For the data that follows, return each line unchanged and drop the pictures.
------ DATASET CONTENT ------
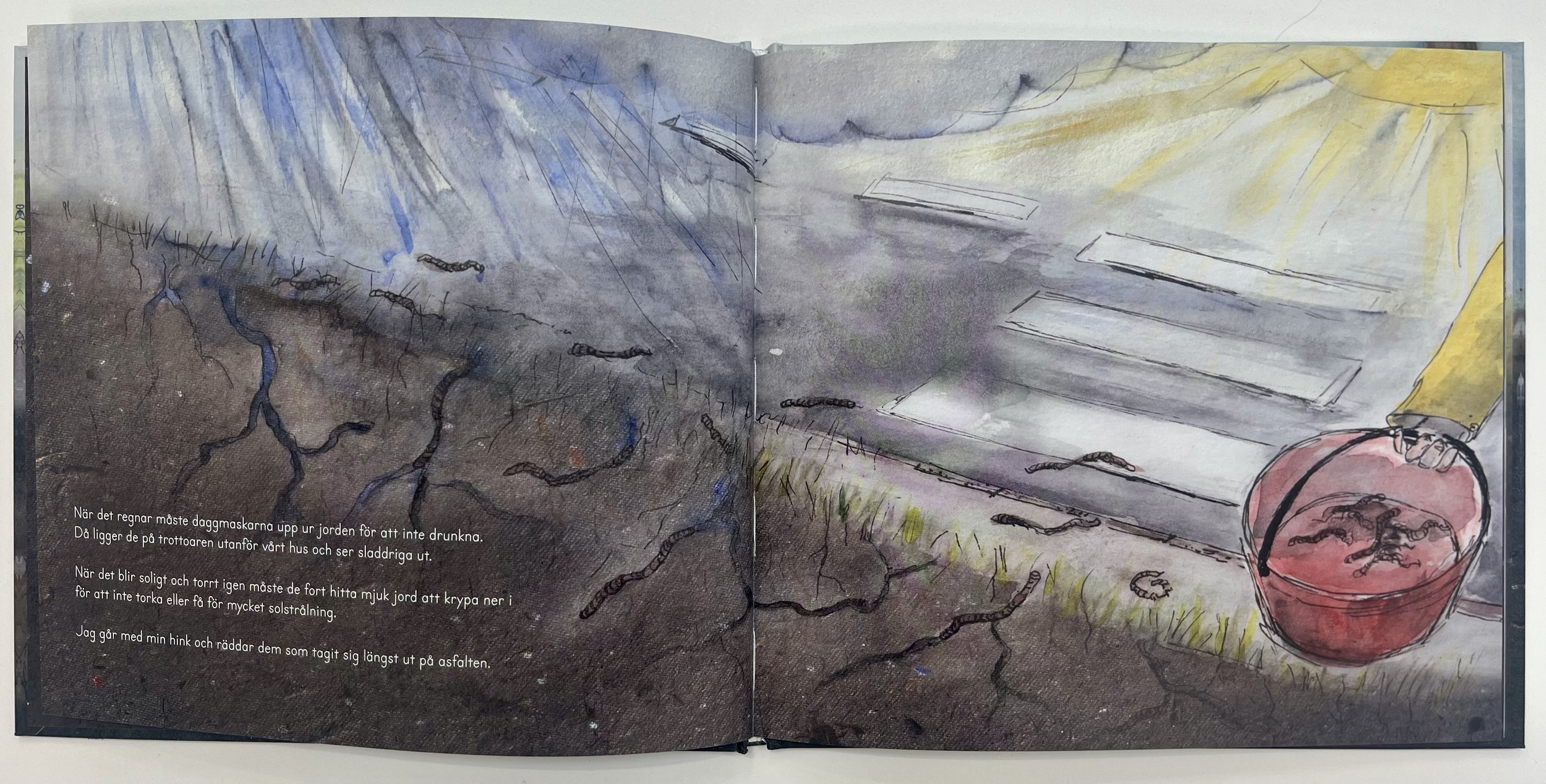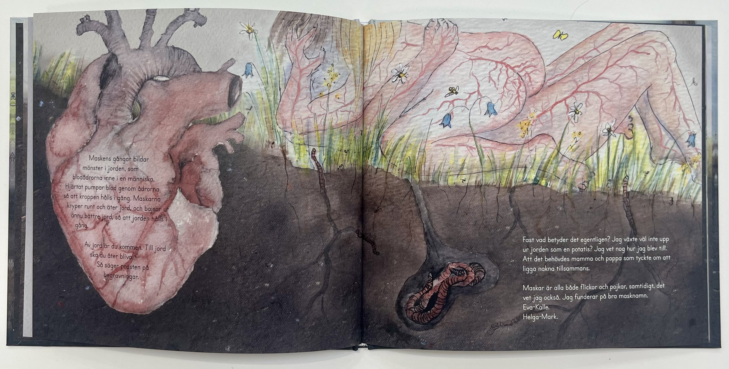 Här ligger jorden — ett requiem handlar om ett barn som studerar daggmaskar och indirekt bearbetar sin pappas död; ett lillgammalt barns funderingar kring livet och jorden.
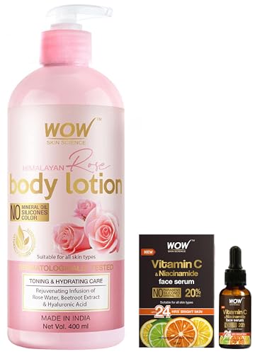 WOW Skin Science Brightening 20% Vitamin C Face Serum & WOW Skin Science Himalayan Rose Body Lotion For Light Hydration - Normal To Oily Skin - with Rose Water
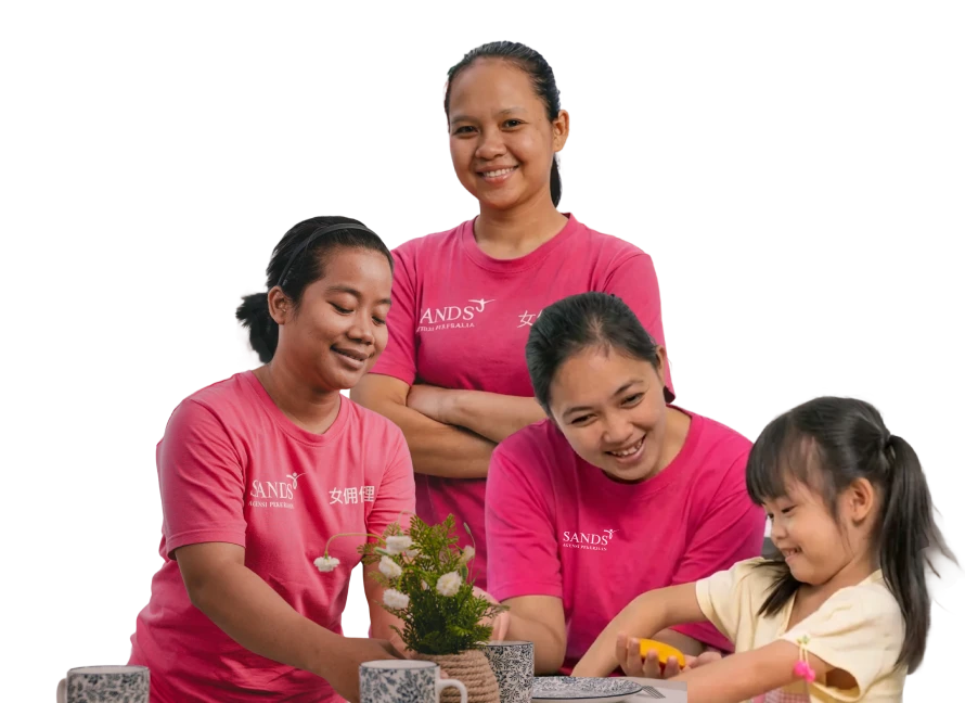 With over 24 years of experience and trusted by more than 30,000 satisfied clients, our focus remains on providing clients with the best value for their home care solutions. We provide unparalleled support for childcare, elderly care, and household management with ease and reliability. While other maid agencies compete in price wars, AP Sands offers value-for-money services with well-trained maids who receive extra training at AP Sands Training Center Sdn Bhd, at no additional cost, before being placed with an employer to ensure client satisfaction. Your journey to finding the right helper begins here.
------
- [SOLUTION FOR THIS TASK]
 Här ligger jorden — ett requiem handlar om ett barn som studerar daggmaskar och indirekt bearbetar sin pappas död; ett lillgammalt barns funderingar kring livet och jorden.
 WOW Skin Science Brightening 20% Vitamin C Face Serum & WOW Skin Science Himalayan Rose Body Lotion For Light Hydration - Normal To Oily Skin - with Rose Water
 With over 24 years of experience and trusted by more than 30,000 satisfied clients, our focus remains on providing clients with the best value for their home care solutions. We provide unparalleled support for childcare, elderly care, and household management with ease and reliability. While other maid agencies compete in price wars, AP Sands offers value-for-money services with well-trained maids who receive extra training at AP Sands Training Center Sdn Bhd, at no additional cost, before being placed with an employer to ensure client satisfaction. Your journey to finding the right helper begins here.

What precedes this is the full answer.